3. Limitations of proposed method for ranking of two SVNS
Let \(\text{\ \ A}_{1}=\left\langle 0.8,0.1,0.6\right\rangle\) and\(\text{\ \ A}_{2}=\left\langle 0.8,0.2,0.4\right\rangle\) be two SVNS, then according to the proposed method [10, Section 3, Def. 3.1, pp. 379], discussed in Section 2.2, \(N{(A}_{1})=N{(A}_{2})=0.5\). Therefore, according to the proposed method [10, Section 3, Def. 3.1, pp. 379], \(A_{1}=A_{2}\). While, it is obvious that\(\text{\ \ A}_{1}\neq A_{2}\). Hence, the proposed method [10, Section 3, Def. 3.1, pp. 379] for the ranking of two SVNS is not valid.
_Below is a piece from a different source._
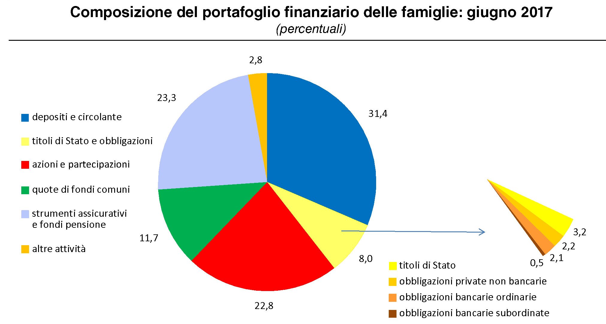 E’ curioso notare che nel 1960 le famiglie italiani abbiano raggiunto il picco di investimenti azionari sul totale degli asset, per poi declinare vistosamente. Forse, come disse anni dopo l’ex governatore Carli in conseguenza della nazionalizzazione del mercato dell’energia elettrica, che distrasse dai mercati molti risparmi, che magari furono dirottati nei titoli di stato, o forse per il diffondersi della ricchezza finanziaria. Fatto sta che quindici anni dopo, al picco del periodo inflazionistico, depositi e liquidità assorbivano il 70% del totale degli asset, più che negli anni ’50. E oggi? La situazione è questa:

Similarly, let\(\text{\ \ A}_{1}=\left\langle 0.1,0.0,0.1\right\rangle\) and\(\text{\ \ A}_{2}=\left\langle 0.3,0.0,0.3\right\rangle\) be two SVNS, then according to the proposed method [10, Section 3, Def. 3.1, pp. 379], discussed in Section 2.2, \(N{(A}_{1})=N{(A}_{2})=0.5\). Therefore, according to the proposed method [10, Section 3, Def. 3.1, pp. 379], \(\text{\ A}_{1}=A_{2}\). While, it is obvious that\(\text{\ \ A}_{1}\neq A_{2}\). Hence, the proposed method [10, Section 3, Def. 3.1, pp. 379] for the ranking of two SVNS is not valid.